(Records provided)
- - -

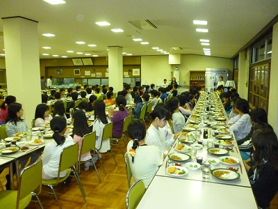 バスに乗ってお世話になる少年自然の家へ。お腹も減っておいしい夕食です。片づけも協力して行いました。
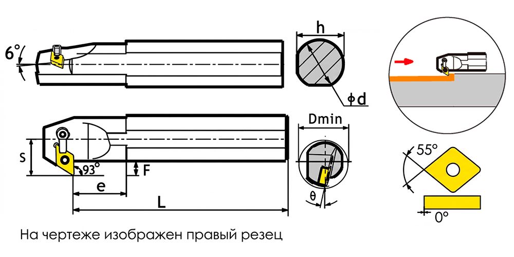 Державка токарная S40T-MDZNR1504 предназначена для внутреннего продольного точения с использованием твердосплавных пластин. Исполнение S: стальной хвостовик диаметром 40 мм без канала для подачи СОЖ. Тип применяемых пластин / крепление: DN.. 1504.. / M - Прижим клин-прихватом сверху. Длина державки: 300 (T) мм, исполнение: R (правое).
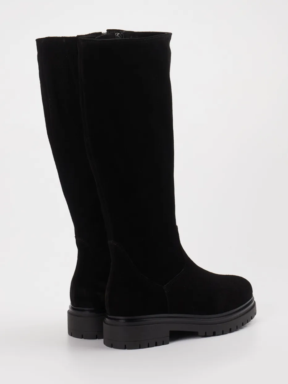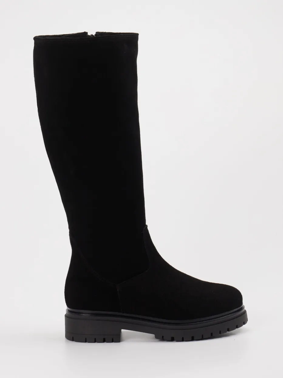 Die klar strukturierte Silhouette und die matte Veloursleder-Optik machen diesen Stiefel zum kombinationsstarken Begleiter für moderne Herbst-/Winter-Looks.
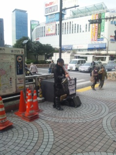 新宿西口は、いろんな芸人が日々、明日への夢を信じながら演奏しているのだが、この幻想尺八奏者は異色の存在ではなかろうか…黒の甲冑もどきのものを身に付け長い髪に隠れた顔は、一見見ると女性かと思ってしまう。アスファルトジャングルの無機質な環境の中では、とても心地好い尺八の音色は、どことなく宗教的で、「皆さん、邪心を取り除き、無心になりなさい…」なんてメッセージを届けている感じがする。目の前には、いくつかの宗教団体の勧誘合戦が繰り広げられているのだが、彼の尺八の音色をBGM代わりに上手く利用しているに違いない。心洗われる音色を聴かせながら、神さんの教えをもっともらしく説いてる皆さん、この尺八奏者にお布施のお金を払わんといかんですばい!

- - -

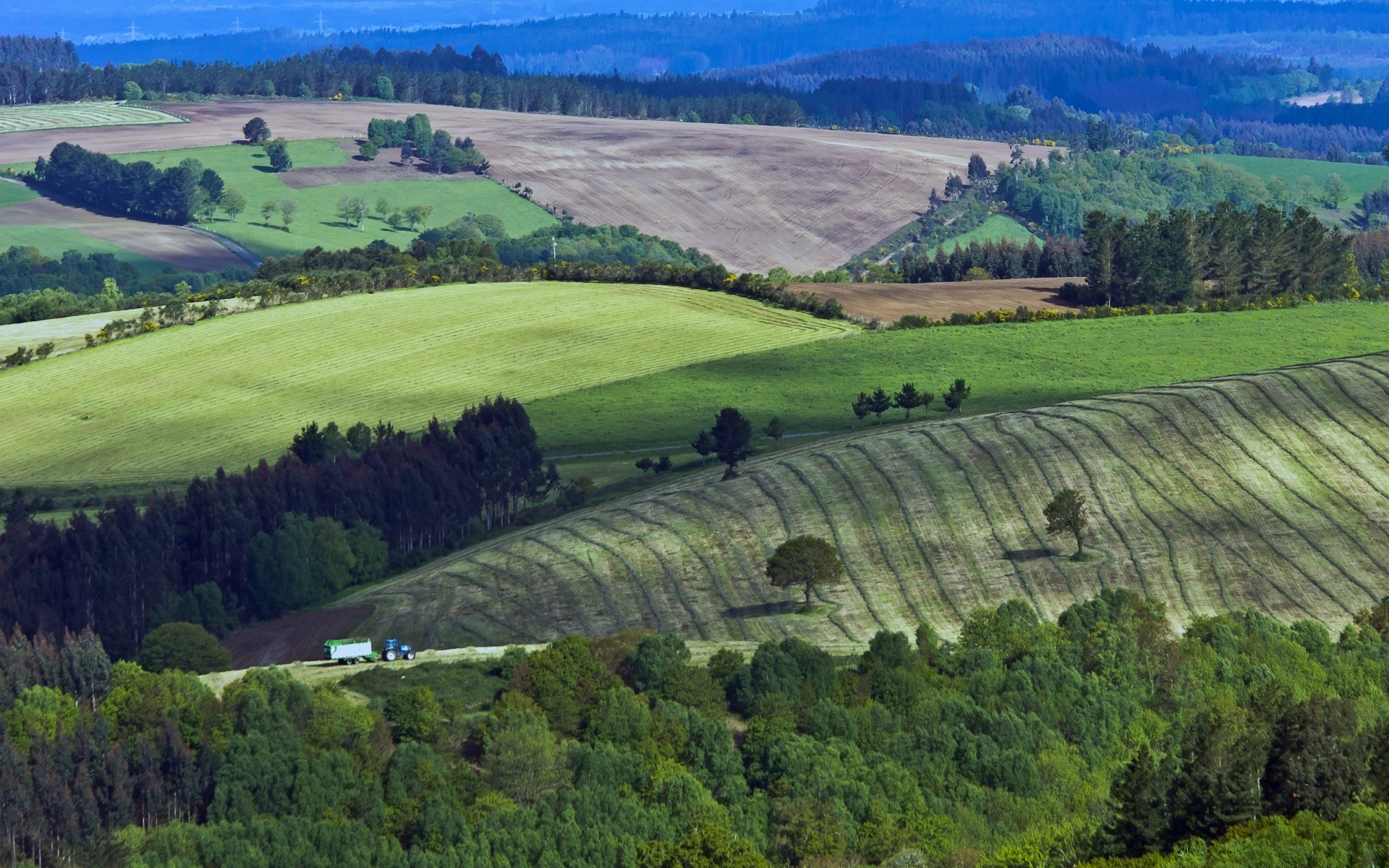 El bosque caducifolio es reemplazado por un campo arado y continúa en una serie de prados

- - -

Nothing but the lines above from the line with "Die klar strukturierte" up to and including the line with "新宿西口は、いろんな芸人が日" should be returned, exactly as written and without pictures.

 Die klar strukturierte Silhouette und die matte Veloursleder-Optik machen diesen Stiefel zum kombinationsstarken Begleiter für moderne Herbst-/Winter-Looks.
 新宿西口は、いろんな芸人が日々、明日への夢を信じながら演奏しているのだが、この幻想尺八奏者は異色の存在ではなかろうか…黒の甲冑もどきのものを身に付け長い髪に隠れた顔は、一見見ると女性かと思ってしまう。アスファルトジャングルの無機質な環境の中では、とても心地好い尺八の音色は、どことなく宗教的で、「皆さん、邪心を取り除き、無心になりなさい…」なんてメッセージを届けている感じがする。目の前には、いくつかの宗教団体の勧誘合戦が繰り広げられているのだが、彼の尺八の音色をBGM代わりに上手く利用しているに違いない。心洗われる音色を聴かせながら、神さんの教えをもっともらしく説いてる皆さん、この尺八奏者にお布施のお金を払わんといかんですばい!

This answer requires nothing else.